Required action
With pictures left out, retype exactly the lines from the one containing "i drew this" through the final line of the entries.

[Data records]
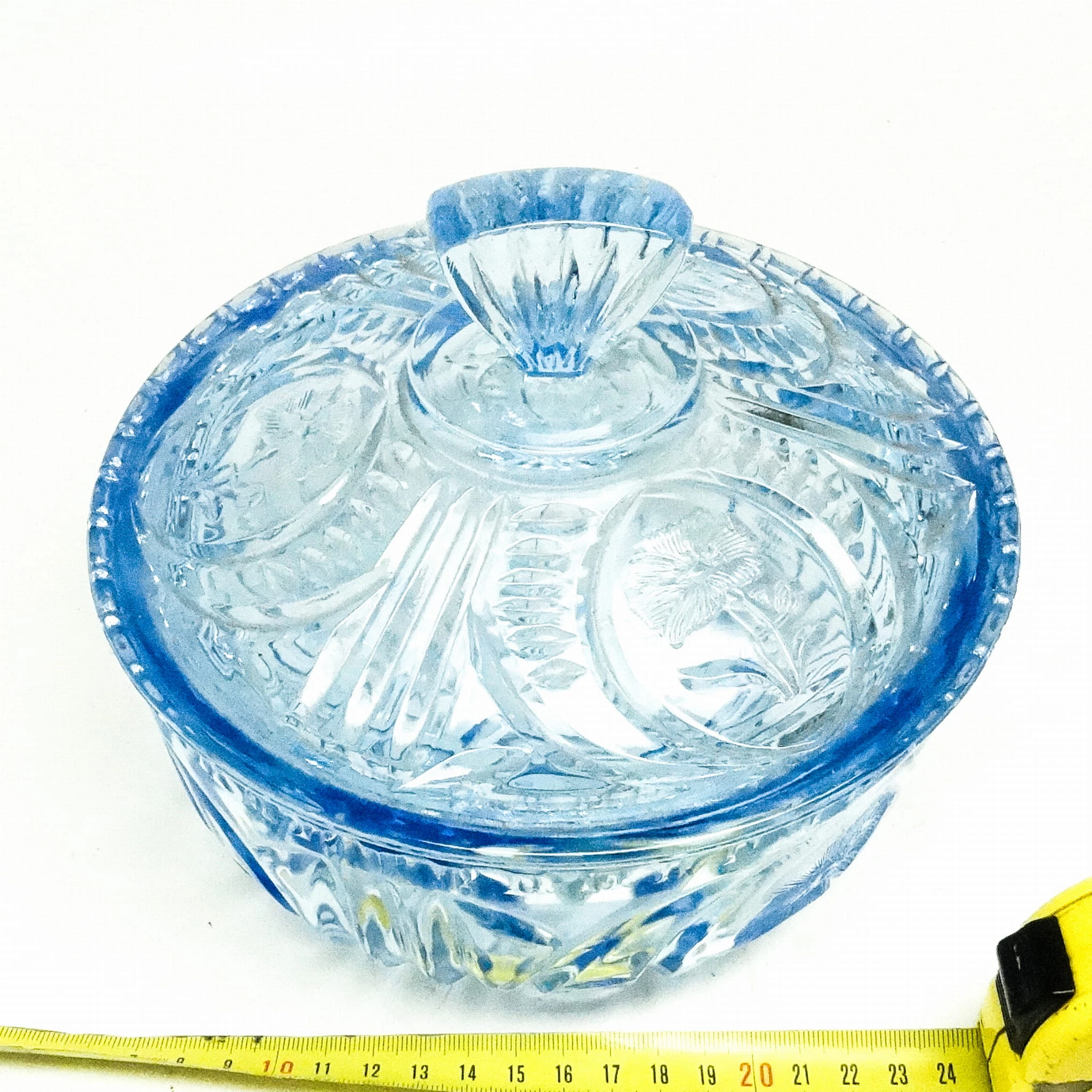 Naczynie o ozdobnej formie, wysokiego pucharu na szerokiej stopie, zamykane przykrywką.
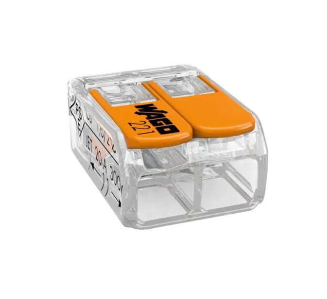 Szybkozłączka WAGO uniwersalna serii 221 wyposażona w zacisk CAGE CLAMP przeznaczona do łączenia przewodów.
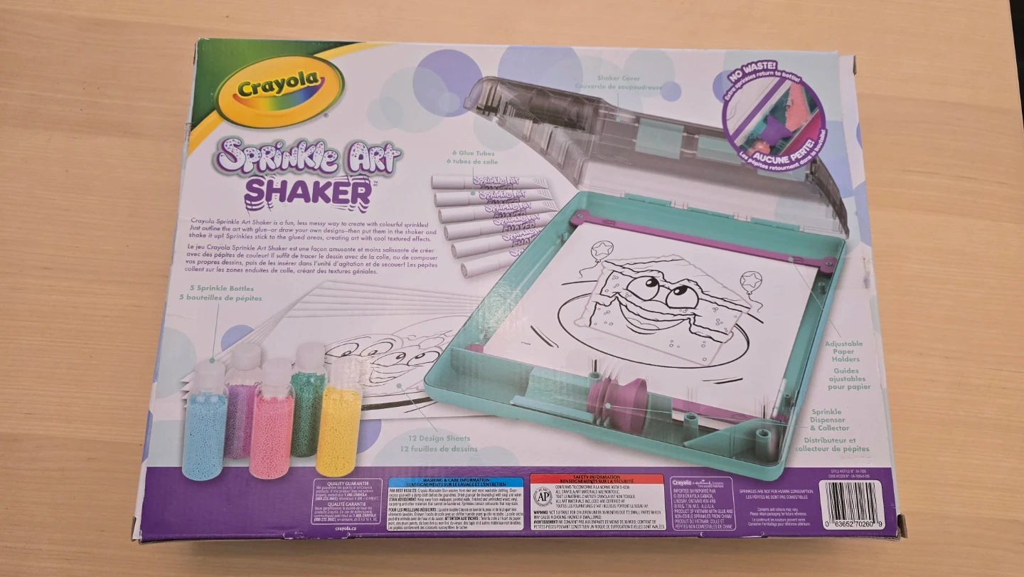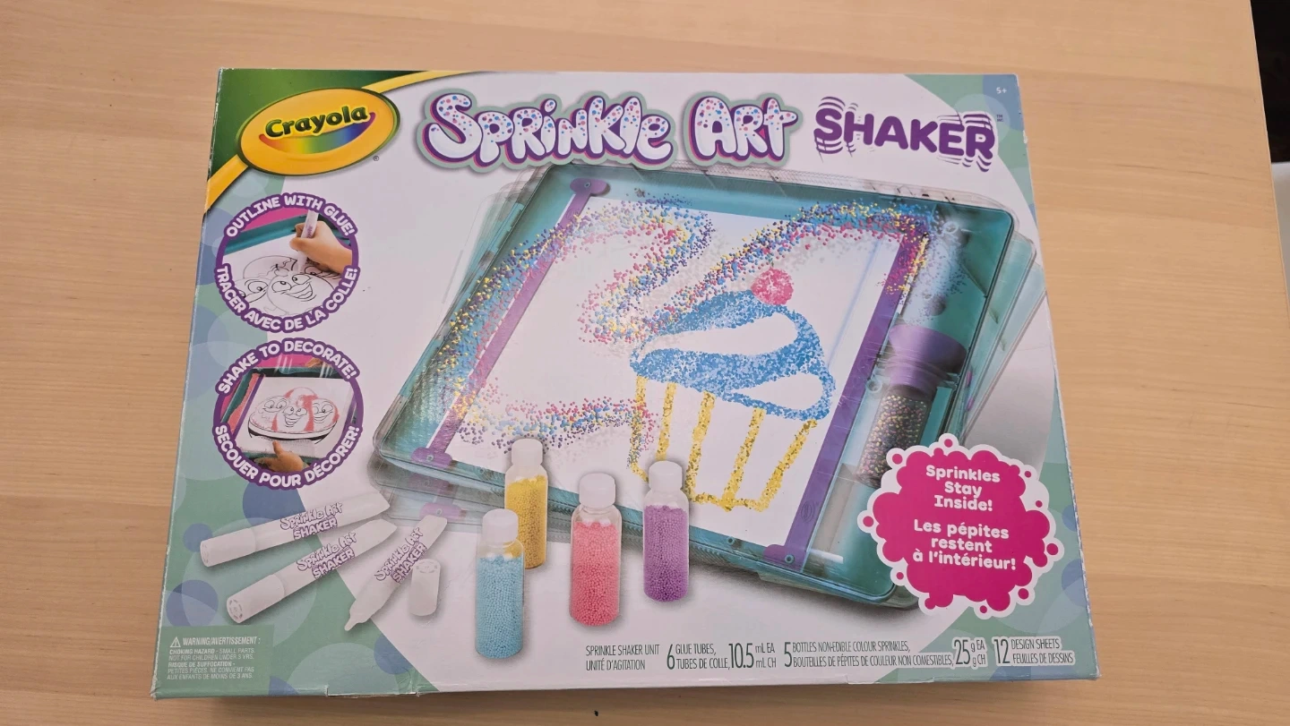 Crayola Sprinkle Art Shaker kit. Includes 5 sprinkle bottles with glitter and 12 design sheets. Shake art fun with colourful sprinkles!
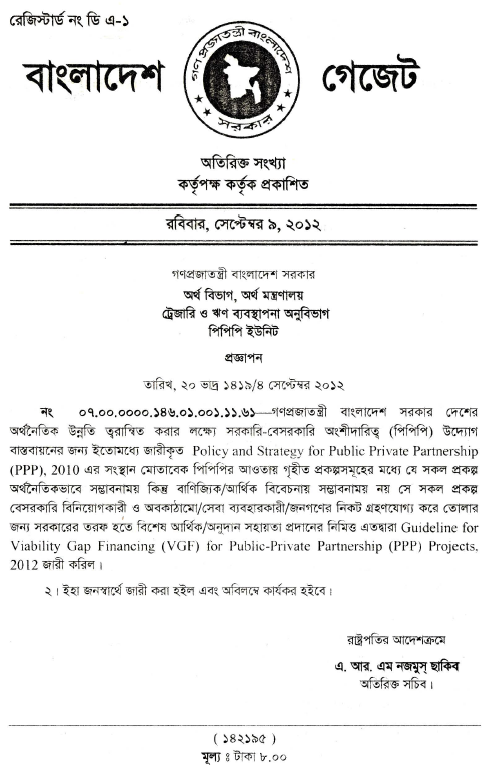 Guideline for Viability Gap Financing (VGF) for Public-Private Partnership (PPP) Project
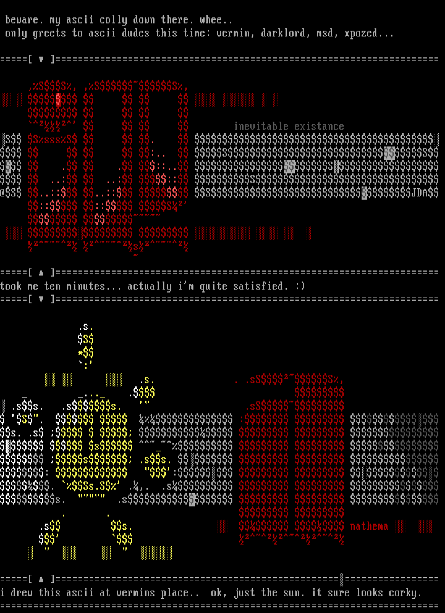 i drew this ascii at vermins place.. ok, just the sun. it sure looks corky.
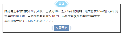 現(xiàn)在,在電轉(zhuǎn)這一細分的細胞生物學(xué)高科技領(lǐng)域,中國人的科研力量已經(jīng)出現(xiàn)!已經(jīng)落地實現(xiàn)商業(yè)化。已經(jīng)加入激烈的市場競爭,正面挑戰(zhàn)amaxa技術(shù)!已經(jīng)在美國和中國多個重要科研院所(都是具有多臺amaxa設(shè)備,多年amaxa使用經(jīng)驗的實驗室)得以驗證,成功改寫了用戶的看法,實現(xiàn)了商業(yè)市場競爭的勝利。
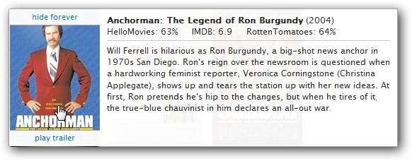 映画のサムネイルにカーソルを合わせると、さまざまな映画サイトからストーリーと評価の簡単な説明が表示されます。

Reply
 i drew this ascii at vermins place.. ok, just the sun. it sure looks corky.
 現(xiàn)在,在電轉(zhuǎn)這一細分的細胞生物學(xué)高科技領(lǐng)域,中國人的科研力量已經(jīng)出現(xiàn)!已經(jīng)落地實現(xiàn)商業(yè)化。已經(jīng)加入激烈的市場競爭,正面挑戰(zhàn)amaxa技術(shù)!已經(jīng)在美國和中國多個重要科研院所(都是具有多臺amaxa設(shè)備,多年amaxa使用經(jīng)驗的實驗室)得以驗證,成功改寫了用戶的看法,實現(xiàn)了商業(yè)市場競爭的勝利。
 映画のサムネイルにカーソルを合わせると、さまざまな映画サイトからストーリーと評価の簡単な説明が表示されます。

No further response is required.